Broken Vases

P.S: To all The Friendships that are Broken And Hurting


Written by Miranda Fanor and Favour Amoye.





Isn't it funny, how life takes us on journeys we never predict? Like how you meet your friend on the first day online and offline, and you thought ‘wow! I would love this person to stick around with me. Two months and you are vibing in the sweetness of a constant companion. Three months and you guys talk once in three days, six months and you're strangers. In between words not spoken there you are, broken. 

The drama of sinking friendships goes like this: 

In friendship, as we know, there are times when the ship indeed has sailed and the anchor is nowhere to be found but there are also instances of sheer novelties such as struggling with the fact that we can't get that 1.0 version of our friend we knew. It comes after you and you remember you and your friend's first rodeos; they lasted for two or three days to weeks. During that period, you have that awkward term we will like to term ‘The Break!’ That awkward phase was littered with raised voices, disagreements spanning hours over on the phone, or most likely - a litany of WhatsApp messages.

One party gives in for peace's sake and then there is that hush you dreaded. It comes in many forms but here is a sample, "It's morning, he hasn't messaged me. Fine! I won't message him". Both parties are at it but pride won’t let either and no one messages so you stare at your phone.

In one of your aimless scrolling on your electronic device, you see a picture of them. The truth stares at you: you miss him or her. You have put on your phone several times just to see if he has called back or texted back, you have inspected the volume button just to see if it's on silent and readjusted it severally, and still, he hasn't called, he hasn't texted and possibly, he hasn't flinched since yesterday's spat. You see the dreams you had of both of you spending eternity together and your chest becomes heavy. 

The idea of allowing situations to linger on in friendships isn't the best. Perhaps, in your case, it isn’t a rodeo but the enemy of time has made one of the parties outgrow the pact, too busy for each other. Your conversations are stale and sour, you hardly know what is happening in the other’s personal life. They were once friends, now they are strangers.

Ever since I had a spat with my friend in secondary school, I have grown with the ideology, that "anything that enters fire never comes out the same. The same I offer to you: you might never get the friend you knew back again. What we have now is a redefined persona, grown and might not fit your preferences. That person has seen shades of you, and  of them, and it is only fitting that they adjust. 

The new persona is a machine mix of new parts you don’t recognize and the familiar. Think of it like a vase. Think of yourself as a new vase and your friend (or any relationship) as the same. As you progress through life, experiences and emotion leave a dent, a crack, a hole punched through your vase. So here are you and your friend, two broken vases that have come together, hoping you stay and see them forever. Whenever you and your friend have a rodeo where you drift apart, those tears on your vases are beginning to widen; some holes grow deeper, some patches are torn up, some leak while some break into little pieces. What you refuse to see is the new version, not the same threadwork that you met, and to be honest, this threadwork is giving you a hard time. 
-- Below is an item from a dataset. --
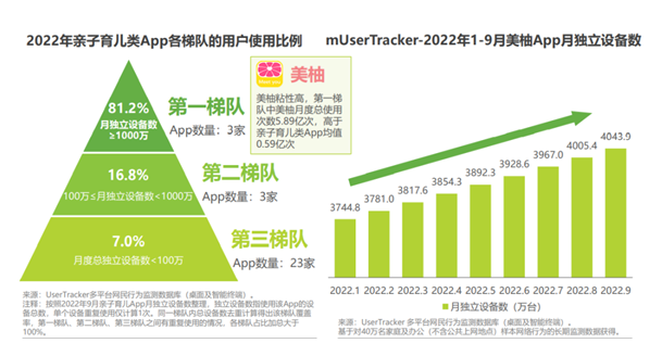 其中美柚月度总使用次数为5.89亿次,远高于亲子育儿类App的均值0.59亿次。近年来,随着美柚品牌影响力的不断提升,其整体用户也获得了持续稳定的增长。mUserTracker数据显示,截至2022年9月,美柚App月独立设备数达到4043.9万。美柚App活跃用户数占母婴亲子类App的53.7%,其用户行为数据可作为了解孕产人群画像和诉求的重要窗口。

But then, what's so wrong with change? Weren't you broken before you met them? 

We are always the first to spew out "change is the only constant thing in life" but are seemingly hard-pressed to believe that such applies to our friendships. We ought to remember that we are all broken at various turns and to expect a wholesome piece is a lofty expectation. Pieces would be lost and each time they come back to you, they will come back to you patched, patched from the scars of your friendship. The question shouldn't be, what happened to us, but rather are you ready to take back a new version of them? More appropriately, like a Jigsaw puzzle, are you ready to fit into their crack and them into yours? Friendship is about growing and clumsily healing, it takes one who is ready to fit into those patches for them to work.  
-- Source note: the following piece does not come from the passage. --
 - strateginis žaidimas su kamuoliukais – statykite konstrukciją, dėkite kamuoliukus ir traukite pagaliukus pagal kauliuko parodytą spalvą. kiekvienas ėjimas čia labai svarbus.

Good news! There is a "happy ending" though; when you both graduate from hours of conversation into forceful conversations that barely last minutes when the jovial talks have now shelled into this "mature" phase where both of you are satisfied saying a few words and calling it a day almost immediately when you can treasure what you now have with them and not worry. Only when you graduate will you find a bond that is unbreakable-patched but has stayed closed through eternity. 

So look at it this way: at least they are here with you-present in your conversations and jokes. At least you came out of the fire a bit scathed and not burnt and if you ask me, that's fine, that's life, we don't get to always set the rules. Sometimes, we just have to follow them.



About The Authors


Miranda Fanor is a contributor to Arkore Write. She writes fiction, and articles and constantly wonders about the intricacies of human relationships. When she is not writing she is experimenting with new hobbies and music genres.


Favour Amoye is also a regular contributor to Arkore Writes. He writes Poetry, and articles and constantly draws from his wealth of real-life experiences to navigate his pieces. When he is not writing, he is on a chess board studying, analyzing, and playing a ton of chess games.